Scrape and format the Canadian Postcodes


In [1]:
import pandas as pd
import numpy as np
#Beautifulsoup is used for web scraping, requests for getting the web page and lxml for parsing the html
from bs4 import BeautifulSoup
import requests
from lxml import html
import json # library to handle JSON files
from pandas.io.json import json_normalize # tranform JSON file into a pandas dataframe

In [2]:
url = 'https://en.wikipedia.org/wiki/List_of_postal_codes_of_Canada:_M'

#Beautiful Soup code below is redundant after I found that pd.read_html in the cell below is simpler
#page = requests.get(url).text
#soup = BeautifulSoup(page, 'lxml')
#print(soup.prettify())

In [3]:
#Read the table into a list of dataframes.

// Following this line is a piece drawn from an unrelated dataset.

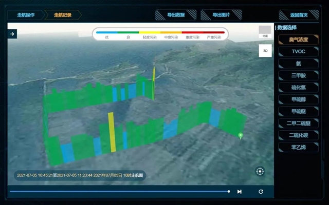 此次走航期間,僅發(fā)現(xiàn)2處臭氣濃度監(jiān)測數(shù)值相對較高的區(qū)域。第一個高值區(qū)域為某新材料公司二期廠區(qū),走航車經(jīng)過該區(qū)域時,走航地圖顯示臭氣濃度以黃色柱形圖顯示,屬輕度污染,結合導出的走航數(shù)據(jù)發(fā)現(xiàn),該區(qū)域的臭氣濃度監(jiān)測因子最高值達到13(OU),雖未超標,但略高于其他區(qū)域監(jiān)測數(shù)值;第二個高值區(qū)域為某氣體生產(chǎn)單位廠區(qū)附近,現(xiàn)場人員經(jīng)過該區(qū)域時能夠聞到空氣中的臭味,因此在該區(qū)域進行了短暫的停留,后結合導出的走航地圖及走航數(shù)據(jù)發(fā)現(xiàn),該區(qū)域的臭氣濃度監(jiān)測因子數(shù)值最高達到19(OU),也未超過國家二級標準規(guī)定的20(OU)濃度要求。綜合分析,本次走航監(jiān)測區(qū)域整體空氣質(zhì)量較為優(yōu)良,無長時間、氣味明顯的惡臭污染,但應該針對某新材料公司和某氣體生產(chǎn)企業(yè)進行重點監(jiān)控。本次走航監(jiān)測,為當?shù)丨h(huán)境部門進行重點區(qū)域惡臭污染排查提供了可靠的數(shù)據(jù)支撐,對于敦促企業(yè)進行整改、確保該市環(huán)境空氣質(zhì)量維持優(yōu)良水平貢獻出了一份力量。

The first element in the list [0] is the dataframe of postcodes and boroughs
dfs = pd.read_html(url, header=0)
df = pd.DataFrame(dfs[0])
df.head()

Unnamed: 0,Postcode,Borough,Neighbourhood
0,M1A,Not assigned,Not assigned
1,M2A,Not assigned,Not assigned
2,M3A,North York,Parkwoods
3,M4A,North York,Victoria Village
4,M5A,Downtown Toronto,Harbourfront


In [4]:
# For every row where the Borough is assigned and the Neighbourhood is not, update Neighbourhood with Borough
for row in df[(df['Borough'] != 'Not assigned') & (df['Neighbourhood'] == 'Not assigned') ].index:
    print("Updating row ",row,"Neighbourhood with Borough ",df.loc[row]['Borough'])
    df.loc[row]['Neighbourhood']=df.loc[row]['Borough']  
    

Updating row  8 Neighbourhood with Borough  Queen's Park


In [5]:
# Remove rows where Borough or Neighborhood are 'Not Assigned'
pre_len = len(df)
df = df[(df['Borough'] != 'Not assigned') | (df['Neighbourhood'] != 'Not assigned') ]
print("Number of Not Assigned rows removed: ",pre_len-len(df))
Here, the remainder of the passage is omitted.